(Dataset items)
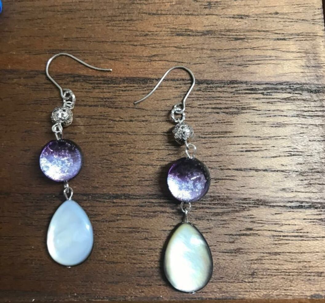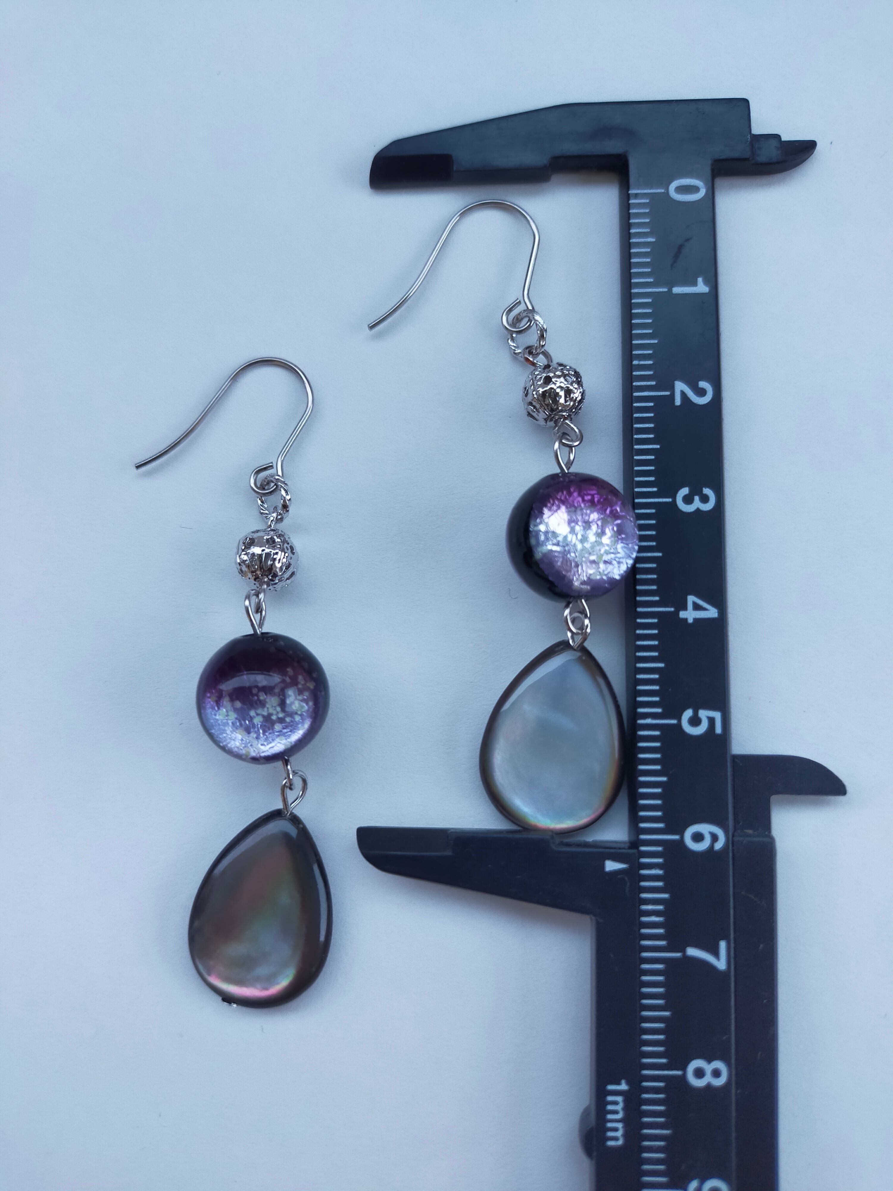 クールな蓄光紫ホタル玉と黒蝶貝のサージカルステンレス素材ピアスorイヤリング
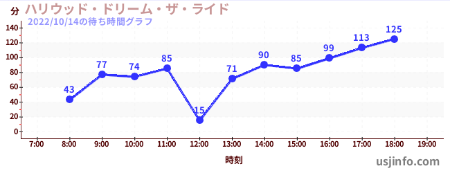 • ハリウッド・ドリーム・ザ・ライド$B$N(B2022年10月14日の待ち時間
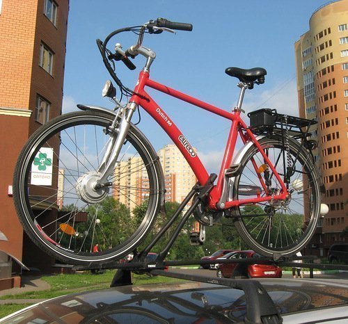 Другой вариант перевозки — крепление на крышу. Максимальный допустимый вес традиционных велокреплений 17–20 кг. Ограничение это довольно условное, т.к. момент силы, действующий на велокрепление и разрушающий его, сильно зависит от положения центра масс велосипеда, а также от ровности дороги. Мой Dutch M без блока аккумуляторов весит 22 кг. Если вынуть подседельный штырь с седлом, тем самым уменьшив вес на 1 кг и понизив немного центр масс, то по асфальтовым дорогам перевозить велогибрид можно смело. По грунтовым дорогам, когда корпус автомобиля раскачивается из стороны в сторону, лучше не рисковать.
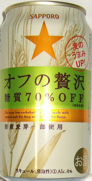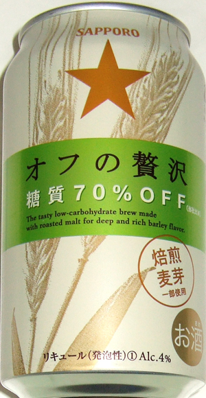 | 製造日 2009.10 | 糖質70%OFF 焙煎麦芽一部使用 The tasty low-carbohydrate brew made with roasted malt for deep and rich barley flavor. リキュール(発泡性)@ Alc.4% お酒 | |
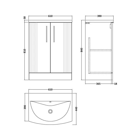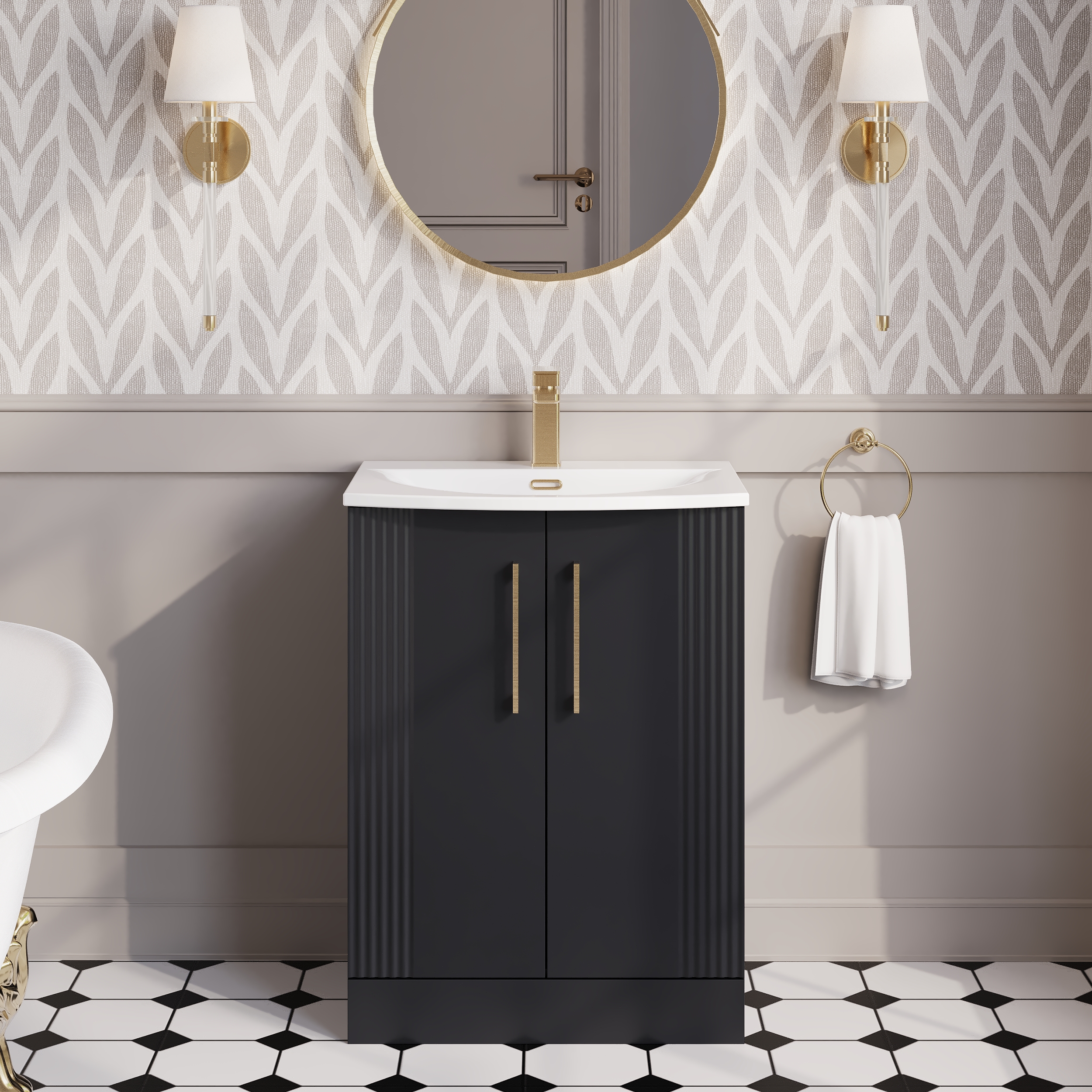 nuie Deco 600mm Floor Standing 2-Door Vanity & Curved Basin - Soft Black
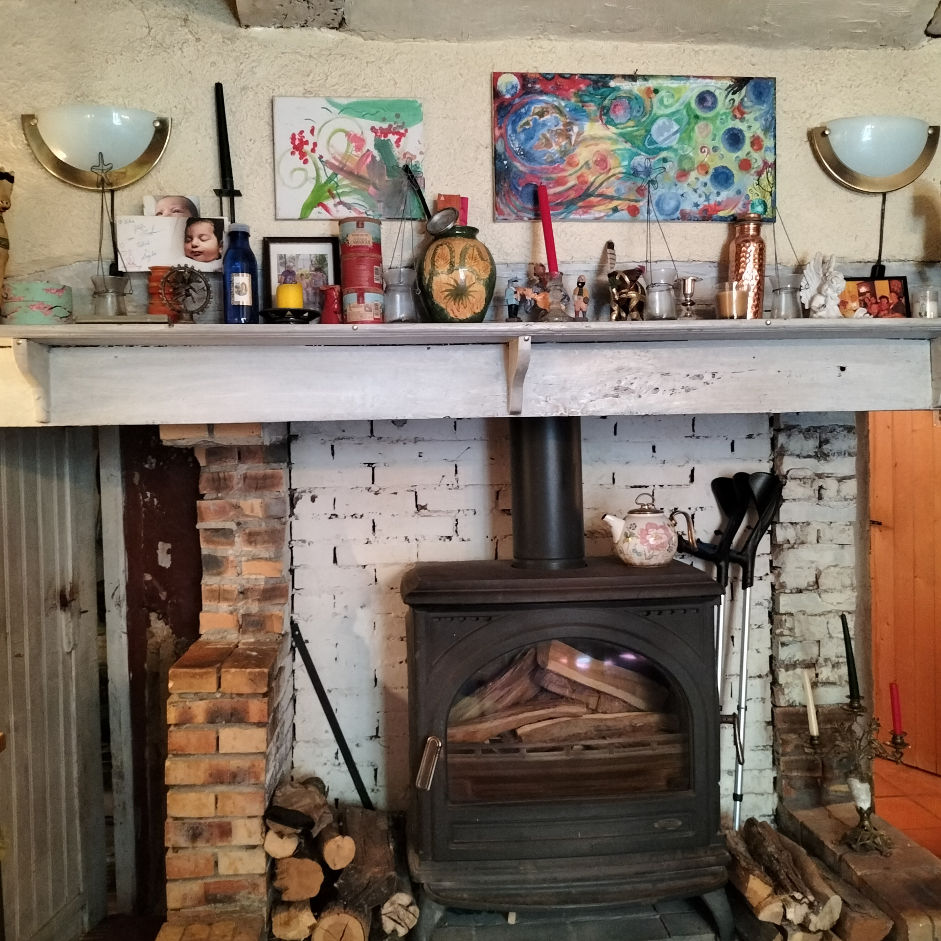 Un poêle à bois en fonte de marque Godin, d’une puissance de 7 kW, chauffe efficacement toute la maison grâce au conduit de cheminée.

PROMPT:
Transcribe the complete set of entries verbatim. No pictures belong in the copy.

TASK OUTPUT:
 クールな蓄光紫ホタル玉と黒蝶貝のサージカルステンレス素材ピアスorイヤリング
 • ハリウッド・ドリーム・ザ・ライド$B$N(B2022年10月14日の待ち時間
 Другой вариант перевозки — крепление на крышу. Максимальный допустимый вес традиционных велокреплений 17–20 кг. Ограничение это довольно условное, т.к. момент силы, действующий на велокрепление и разрушающий его, сильно зависит от положения центра масс велосипеда, а также от ровности дороги. Мой Dutch M без блока аккумуляторов весит 22 кг. Если вынуть подседельный штырь с седлом, тем самым уменьшив вес на 1 кг и понизив немного центр масс, то по асфальтовым дорогам перевозить велогибрид можно смело. По грунтовым дорогам, когда корпус автомобиля раскачивается из стороны в сторону, лучше не рисковать.
 | 製造日 2009.10 | 糖質70%OFF 焙煎麦芽一部使用 The tasty low-carbohydrate brew made with roasted malt for deep and rich barley flavor. リキュール(発泡性)@ Alc.4% お酒 | |
 nuie Deco 600mm Floor Standing 2-Door Vanity & Curved Basin - Soft Black
 Un poêle à bois en fonte de marque Godin, d’une puissance de 7 kW, chauffe efficacement toute la maison grâce au conduit de cheminée.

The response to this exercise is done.